Could you transcribe exactly the lines below, from the line with "另外在阿爾特塔治下,阿森納對" through the line with "तेज बहाव में ट्रैक्टर बंद, ड्राइवर बह गया", and nothing else, leaving out the pictures?

---

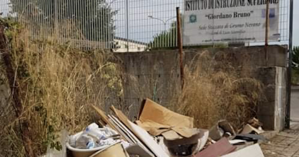 GRUMO NEVANO. Suona la campanella per l’inizio delle lezioni. E per docenti e genitori degli allievi del liceo scientifico “Giordano Bruno”, in via Capecelatro, sezione distaccata dell’istituto di Arzano, c’è l’amara sorpresa: cumuli di spazzatura indifferenziata, occludono quasi l’accesso al cancello dell’istituto. Accanto a sacchetti di spazzatura di origine domestica anche plastica, materassi, legno, mobili rottamati ed altri rifiuti. Per i genitori che hanno contattato il nostro giornale si tratta di «un pessimo biglietto da visita».
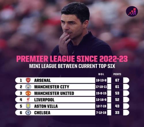 另外在阿爾特塔治下,阿森納對壘英超排名前六的戰(zhàn)績也是相當(dāng)不錯(cuò),過去3個(gè)半賽季39次交鋒僅輸?shù)?場,是所有球隊(duì)中表現(xiàn)最好的。通常情況下,阿森納似乎更容易在“應(yīng)該能贏的比賽”中跌倒,而不是在與直接競爭對手的較量中失利。
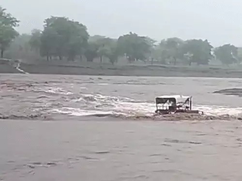 तेज बहाव में ट्रैक्टर बंद, ड्राइवर बह गया
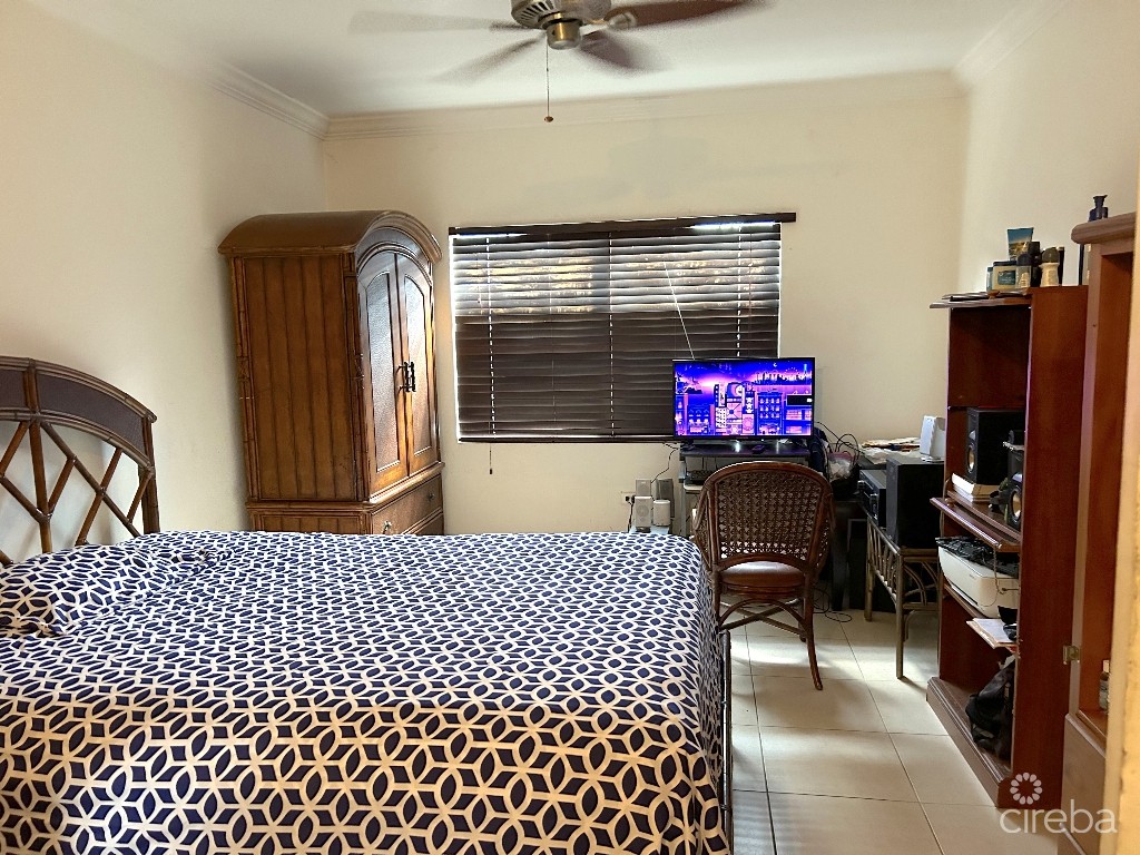 This fixer is a semi-detached unit located in a family-friendly complex that has great potential to be used as a family home or investment property. It features an outdoor entertainment space and is configured with a master bedroom and an ensuite bath on the ground floor, along with a laundry closet, a powder room, and a kitchen living/dining area. Upstairs, there are 2 bedrooms and 2 baths. The unit would benefit from some TLC but would be an ideal opportunity for someone who is creative and wants to put their stamp on the space. The property is located near the town center, schools, UCCI, Lions Pool, Field of Dreams/YMCA, and the Truman Bodden Sports Complex.
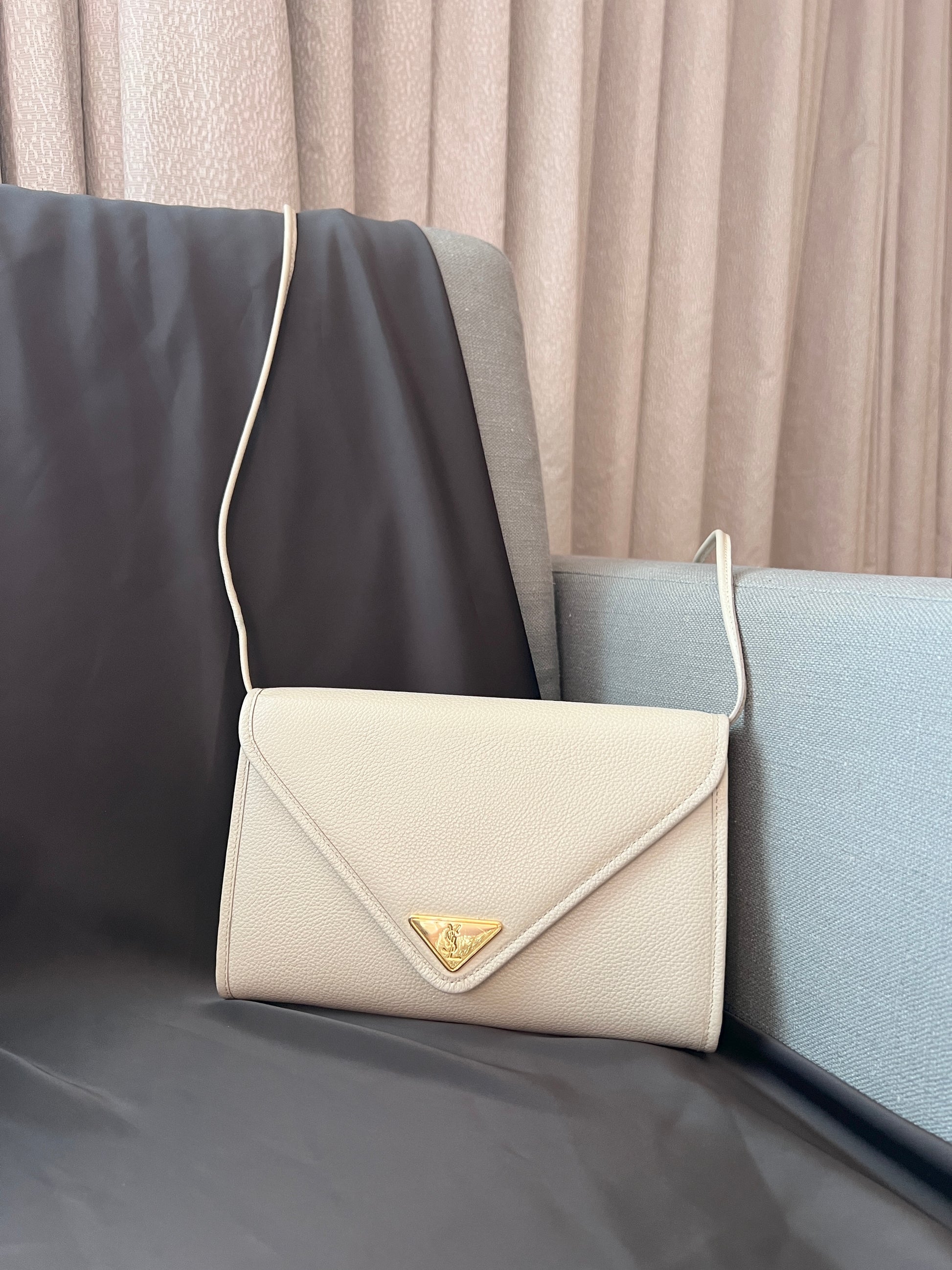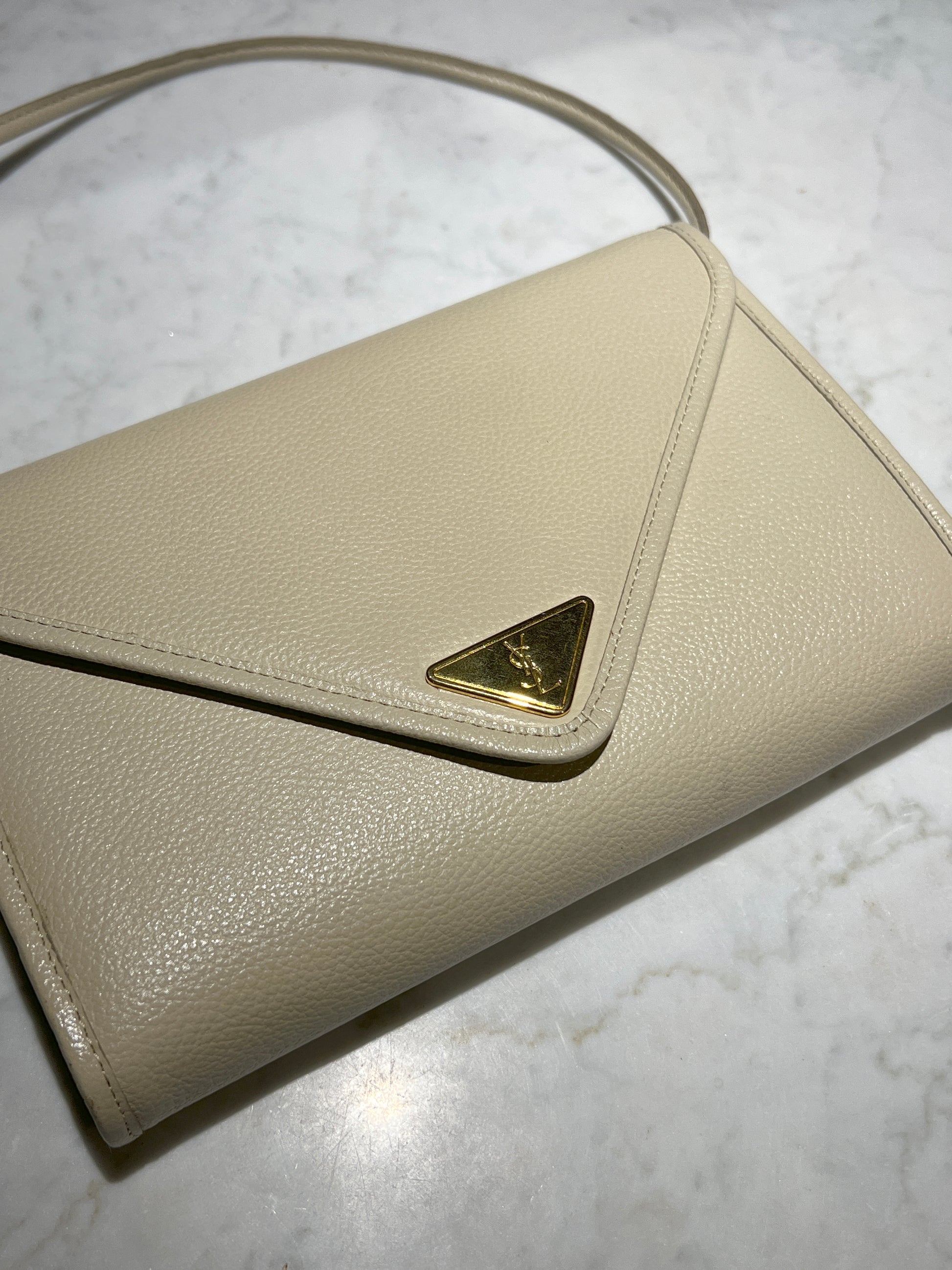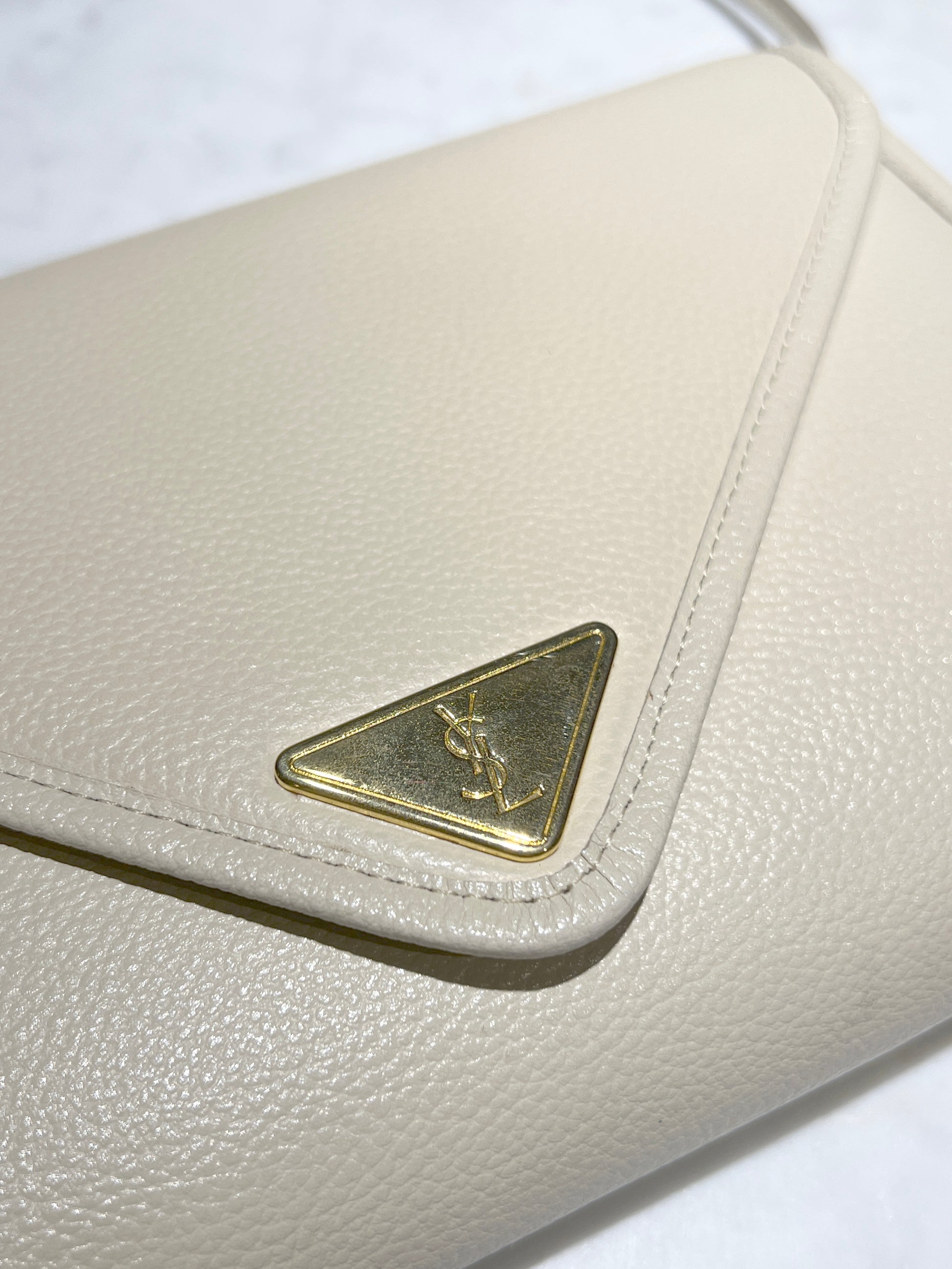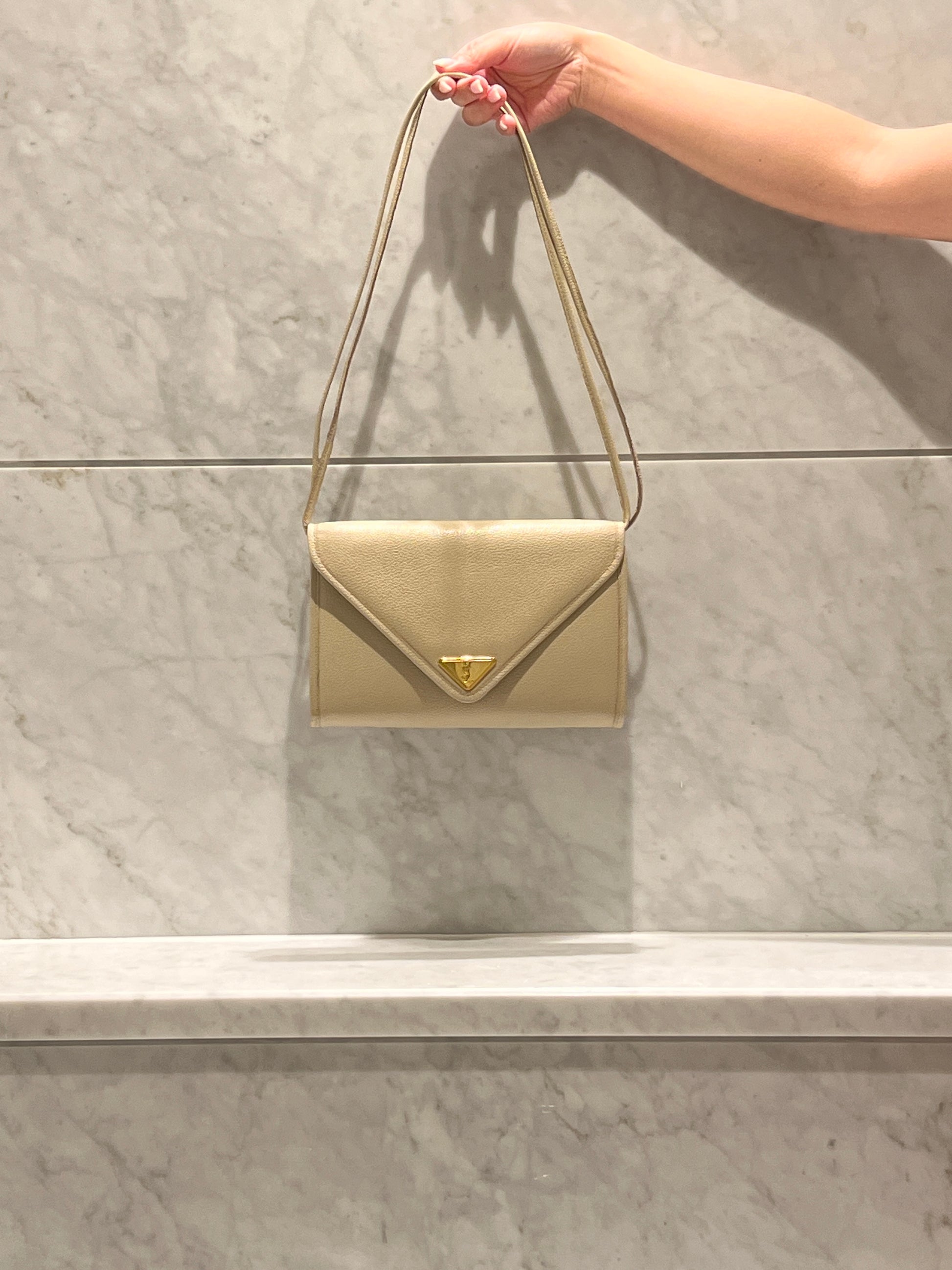 YSL米白色信封皮革斜揹側肩腋下手提袋
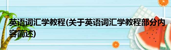 大家好,今天小方来说说一篇关于英语词汇学教程,关于英语词汇学教程部分内容简述的文章,那么现在就为大家来简单介绍下,希望对各位小伙伴们有所帮助。
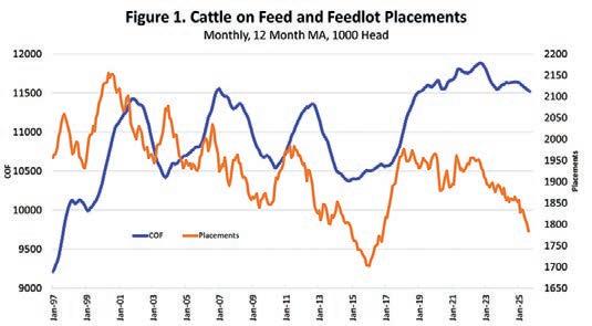 Total feedlot production is declining more rapidly than the slowly declining feedlot inventories would indicate. Feedlot placements in August were 90.1% of last year, and the smallest August placement total since 2015. Figure 1 shows the relative comparison between 12-month moving averages of cattle on-feed and feedlot placements. Placements have declined more than the on-feed inventory up to this point aided by a slower turnover rate in feedlots.
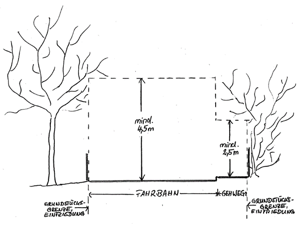 Über Gehwegen ist das Lichtraumprofil auf einer Höhe von 2,5 m, über Fahrbahnen auf einer Höhe von 4,5 m von jeglichem Bewuchs freizuhalten. Auch Hecken, die zwar im unteren Bereich an der Grenze enden, im oberen Bereich in den Gehweg ragen, stellen eine Verkehrsgefährdung dar, da auch hier nicht die gesamte Gehwegbreite für den Fußgängerverkehr zur Verfügung steht. Bedenken Sie bitte auch, dass nasses oder schneebedecktes Laub weiter nach unten hängt. Schneiden Sie Bäume im Bereich der Straßenbeleuchtung frei und stellen Sie auch die freie Sicht auf Verkehrszeichen und Straßennamensschilder sicher.

---

### WRITTEN REPLY
 另外在阿爾特塔治下,阿森納對壘英超排名前六的戰(zhàn)績也是相當(dāng)不錯(cuò),過去3個(gè)半賽季39次交鋒僅輸?shù)?場,是所有球隊(duì)中表現(xiàn)最好的。通常情況下,阿森納似乎更容易在“應(yīng)該能贏的比賽”中跌倒,而不是在與直接競爭對手的較量中失利。
 तेज बहाव में ट्रैक्टर बंद, ड्राइवर बह गया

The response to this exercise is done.